- **Dataset entries**
******

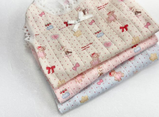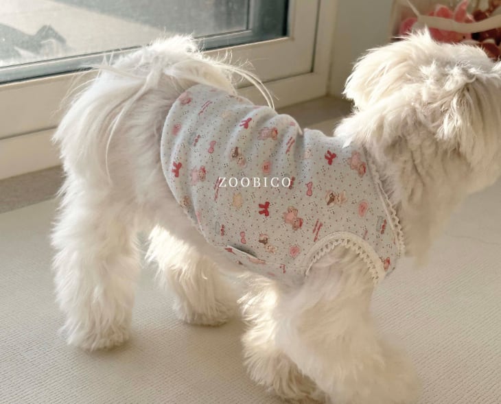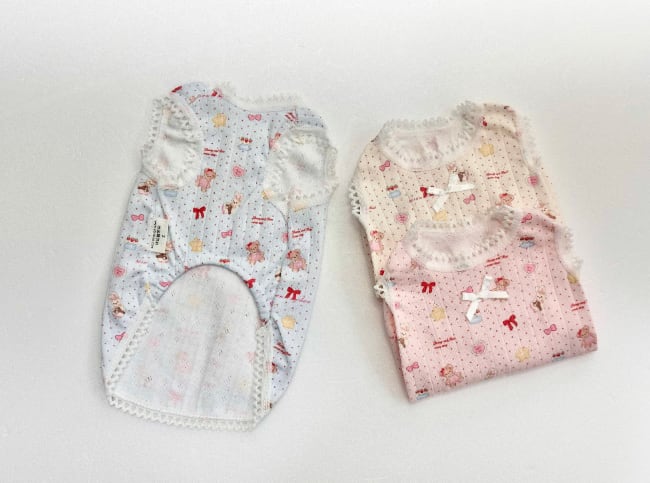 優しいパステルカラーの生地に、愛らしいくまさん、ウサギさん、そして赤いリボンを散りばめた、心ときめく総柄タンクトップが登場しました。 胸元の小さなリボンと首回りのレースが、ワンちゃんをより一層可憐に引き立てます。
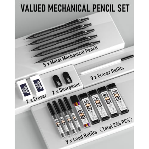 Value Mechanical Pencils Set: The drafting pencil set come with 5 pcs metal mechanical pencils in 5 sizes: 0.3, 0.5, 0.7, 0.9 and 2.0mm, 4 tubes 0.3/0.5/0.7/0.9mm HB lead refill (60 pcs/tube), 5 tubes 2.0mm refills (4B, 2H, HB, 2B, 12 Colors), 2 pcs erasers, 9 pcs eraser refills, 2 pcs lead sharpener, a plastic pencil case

******

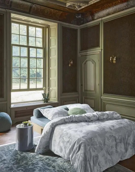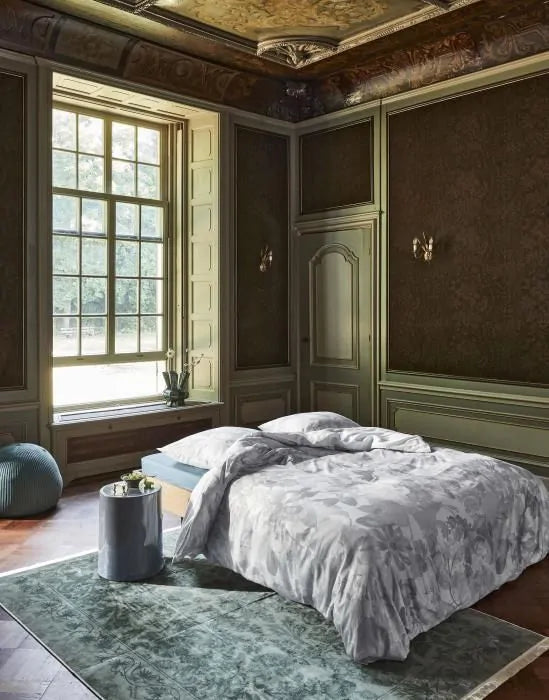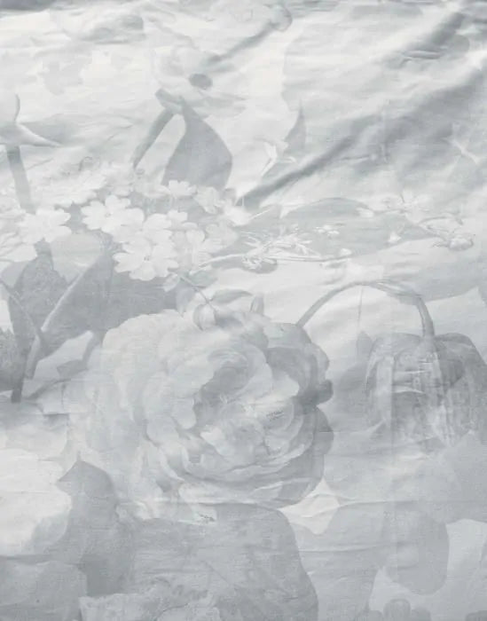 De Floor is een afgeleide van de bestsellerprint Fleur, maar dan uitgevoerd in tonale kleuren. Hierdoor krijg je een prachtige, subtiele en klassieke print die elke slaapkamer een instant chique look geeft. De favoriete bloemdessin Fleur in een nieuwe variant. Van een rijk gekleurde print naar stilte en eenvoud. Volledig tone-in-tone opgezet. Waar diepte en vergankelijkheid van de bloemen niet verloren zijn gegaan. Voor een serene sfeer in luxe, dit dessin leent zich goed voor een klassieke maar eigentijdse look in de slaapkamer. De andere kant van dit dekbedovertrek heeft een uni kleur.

******

- **Your assignment**
Beginning with the line that contains "優しいパステルカラーの生地に" and ending with the line that contains "Value Mechanical Pencils", reproduce the listing exactly, pictures excluded.

- **Result of the task**
 優しいパステルカラーの生地に、愛らしいくまさん、ウサギさん、そして赤いリボンを散りばめた、心ときめく総柄タンクトップが登場しました。 胸元の小さなリボンと首回りのレースが、ワンちゃんをより一層可憐に引き立てます。
 Value Mechanical Pencils Set: The drafting pencil set come with 5 pcs metal mechanical pencils in 5 sizes: 0.3, 0.5, 0.7, 0.9 and 2.0mm, 4 tubes 0.3/0.5/0.7/0.9mm HB lead refill (60 pcs/tube), 5 tubes 2.0mm refills (4B, 2H, HB, 2B, 12 Colors), 2 pcs erasers, 9 pcs eraser refills, 2 pcs lead sharpener, a plastic pencil case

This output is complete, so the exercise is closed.